Theorem 1 (Simple, General Refine)

Let \(\phi _\text {bv}\) be the bit-vector reduction of a word equation \(X^1 \cdot ... \cdot X^n = Y^1 \cdot ... \cdot Y^m\) for some length assignment. Suppose \(C := X_i = Y_j \wedge ... \wedge X_l = Y_k\) is a bit-vector UNSAT core for \(\phi _\text {bv}\), where every \(X_a\) and \(Y_b\) are the characters at positions \(\text {len}(X^1 \cdot ... \cdot X^a)\) and \(\text {len}(Y^1 \cdot ... \cdot Y^b)\) of the word equation, respectively, and let \(C_\text {len}\) be C but with every bit-vector equality replaced with the corresponding length constraint that caused each equality in \(\phi _\text {bv}\):

$$C_\text {len} := \text {len}(X^1 \cdot ... \cdot X^i) = \text {len}(Y^1 \cdot ... \cdot Y^j) \wedge ... \wedge \text {len}(X^1 \cdot ... \cdot X^l) = \text {len}(Y^1 \cdot ... \cdot Y^k).$$

Then any lengths that satisfy \(C_\text {len}\) will cause an UNSAT bit-vector reduction.

Proof

Construct the same UNSAT core up to renaming of bit-vector variables.

   \(\square \)

The main loop of Algorithm 1 returns UNSAT when there are no integer solutions to explore, and it returns SAT if a satisfying bit-vector model is found. At a high-level, this algorithm is correct because Refine never blocks length assignments that could lead to a satisfying bit-vector reduction, and because every bit-vector model corresponds to a string model. Unfortunately, Algorithm 1 is not guaranteed to terminate.

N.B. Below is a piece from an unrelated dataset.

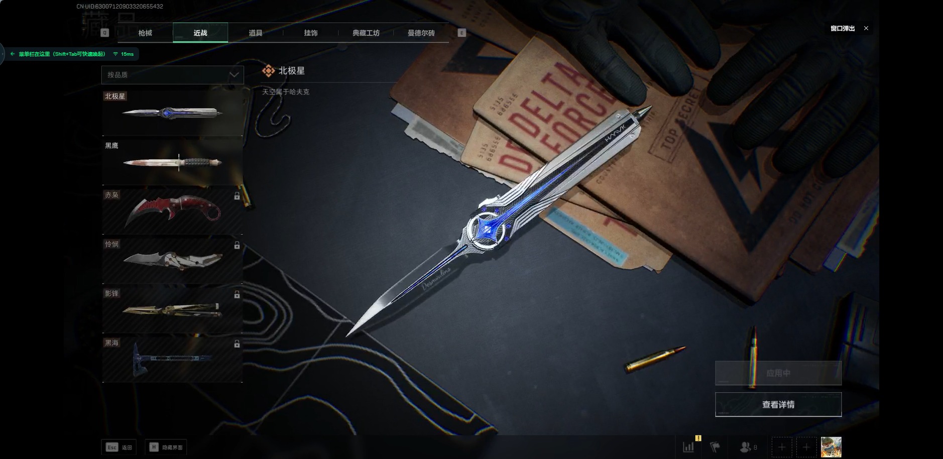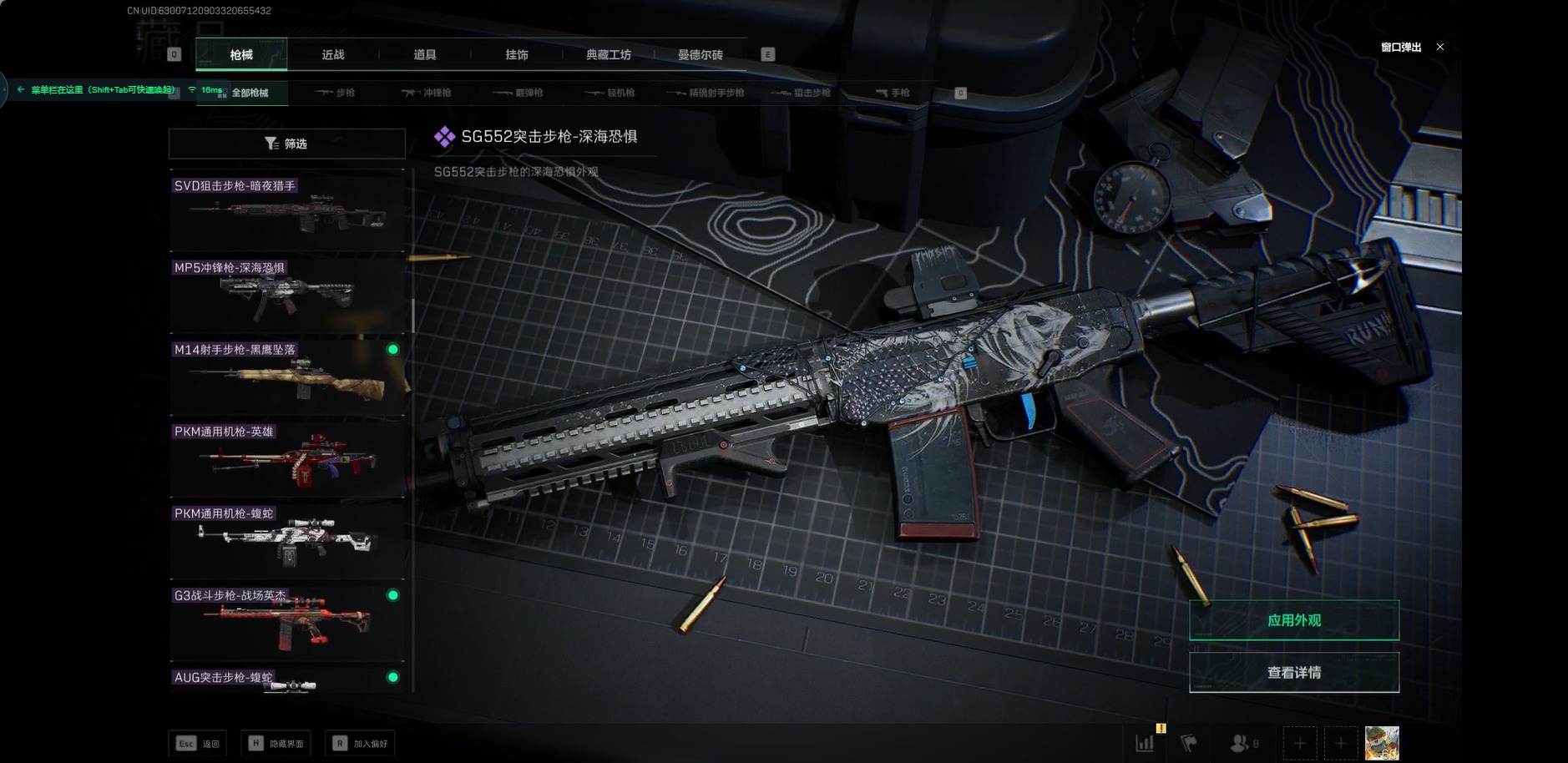 - [11524696]总资产:9 1近战传说 5传说枪械 高级安全箱(9.17到期) 可二次 可修改实名 烽火地带段位:钻石 全面战场段位:列兵 哈夫币:0 传说武器皮肤:近战-黑海,SMG45冲锋枪-骑士,QJB201轻机枪-黑海,复合弓-黑-天际线,M4A1突击步枪-蚀金玫瑰 史诗武器皮肤:QBZ95-1突击步枪-ACE,M4A1突击步枪-特勤执行,SKS射手步枪-ACE,PKM通用机枪-蝮蛇,PKM通用机枪-荒野求生,M700狙击步枪-守夜人,MP5冲锋枪-深海恐惧,勇士冲锋枪-深海恐惧,AKM突击步枪-林中猎手,SVD狙击步枪-暗夜猎手,M1014霰弹枪-林中猎手,PSG-1射手步枪-无垢,SV-98狙击步枪-囚徒,QBZ95-1突击步枪-曙光,沙漠之鹰-曙光,M700狙击步枪-竞技风

Z3str4’s Arrangement Solver with a Bit-vector Backend. The arrangement solver invoked by Z3str4 is a variant of the one implemented in the Z3str3 solver [9]. The key modification is the introduction of a bit-vector backend which is invoked after arrangement reduction has finished. The bit-vector backend re-uses many of the components of LAS, but it follows the conflict-driven clause learning architecture of Z3str2 [43] and Z3str3.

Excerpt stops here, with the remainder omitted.